My bigger problem with Android is who the mother ship is; Google, which has turned into a spy agency in their own right. They've brilliantly created a portable vehicle to map and catalog your every move and view. Their business model is to destroy your privacy and sell what they learn about you to marketers, the scum of the earth, without restraint or remorse. Apple, on the other hand, is well known to frustrate efforts by marketers to gain access to your private data.

But is no less becoming a spy agency in its own right. The fact that they don't sell the info to marketers as directly is beside the point. Although "in-app-advertising" is rapidly becoming a 'big deal' for them too.

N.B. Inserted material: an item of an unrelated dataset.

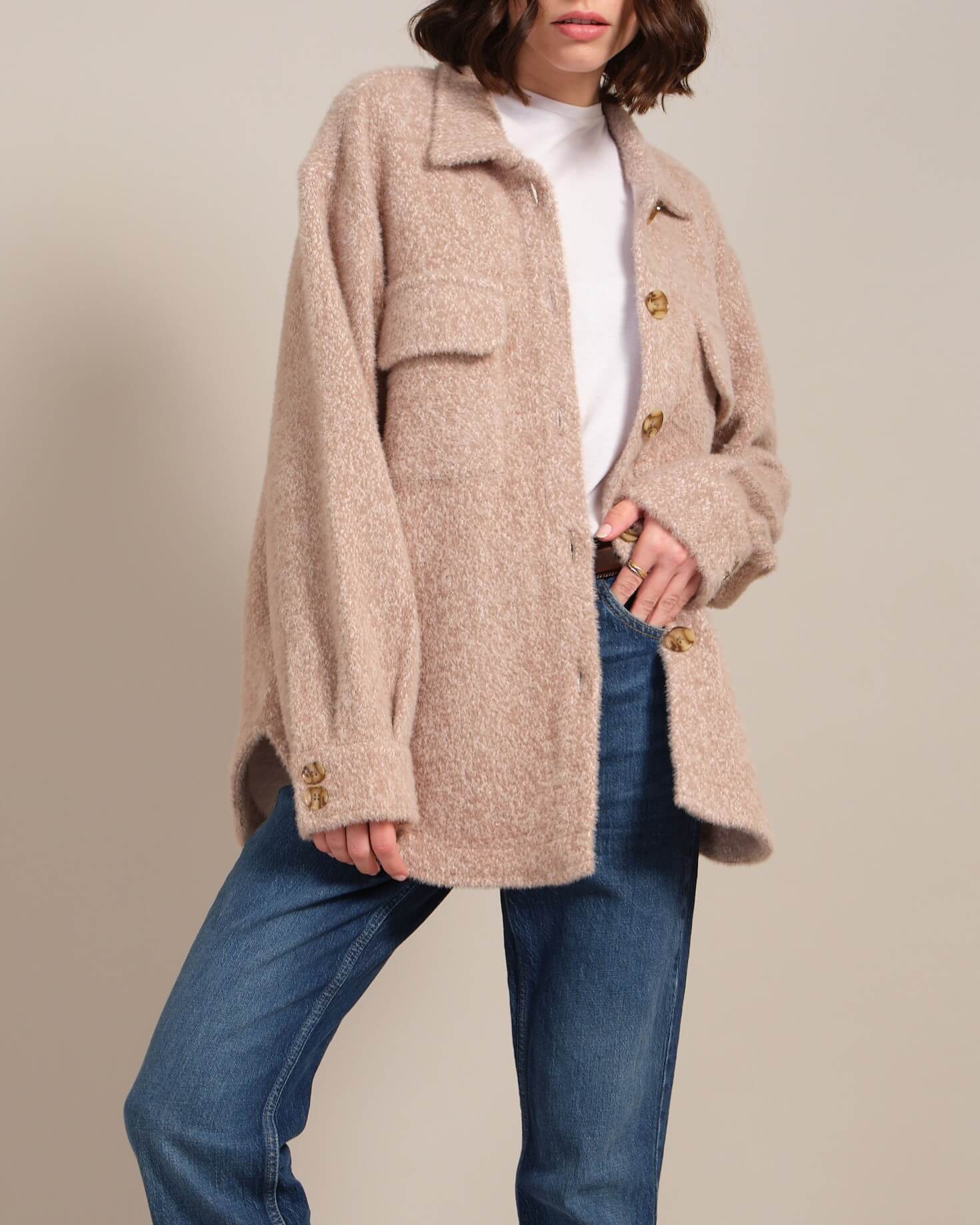 Layering in editorial images brings texture and storytelling to e-comm layouts—highlighting the garment’s versatility.

They control the browser (with very poor security privacy features, they control the maps, they control the store, they aren't much 'better' then google.

These days I think Microsoft is the least evil of the group, and that's saying something, and perhaps that's only because they don't have the marketshare in mobile to leverage the evil.

Since I have to use them, I'm going to use something I like a lot and not have to worry about too much.

And that's fine. But choosing a samsung and the official store is as safe as using an iphone.

If apple was only concerned about security Apple instead of profit lockin they could even officially sanction 3rd party stores like Steam, the HumbleBundle, FSF repos, Amazon, whatever, etc.

In the real world, we have a choice of stores to shop at, and we can leave the security of shopping at stores and buy on ebay and craigslist or from a guy on a blanket on the side of the road.

If you don't want to get ripped off deal with a reputable store. People by and large understand that, and that model works on the internet too.

We don't NEED to be forced to all shop at X and only X to ensure we don't get ripped off.

This report is Stupid on it face.

So 91% of all mallware was for Android systems last year - woohooo. Maybe that is because 81% of all phones are running Android platforms. If you were a hacker trying to infect a phone system - would you target the 19% that are not running Android - or the 81% that are?

This is the same STUPID argument that Apple made for years about they not having any issues with hackers, versus the Windows systems that were constantly attacked. Never occured to them that paltry share of the market they represented in PC sales, just wasn't worth the trouble by the hackers. It never was that they couldn't be hacked or have malware - they simple were to irrrelevent to be targeted.

If you track the increase in Android as the OS for smart phones, you see a coresponding rise in the number of malware that are targeting it. This is not rocket science - it is supply and demand. As the supply of phones that do not use Android falls, the likelyhood that a hacker will write mallware for those systems plumets.

But I bet old F-Secure is more than willing to sell you a piece of software to protect you. They are drumming up fear to increase sales.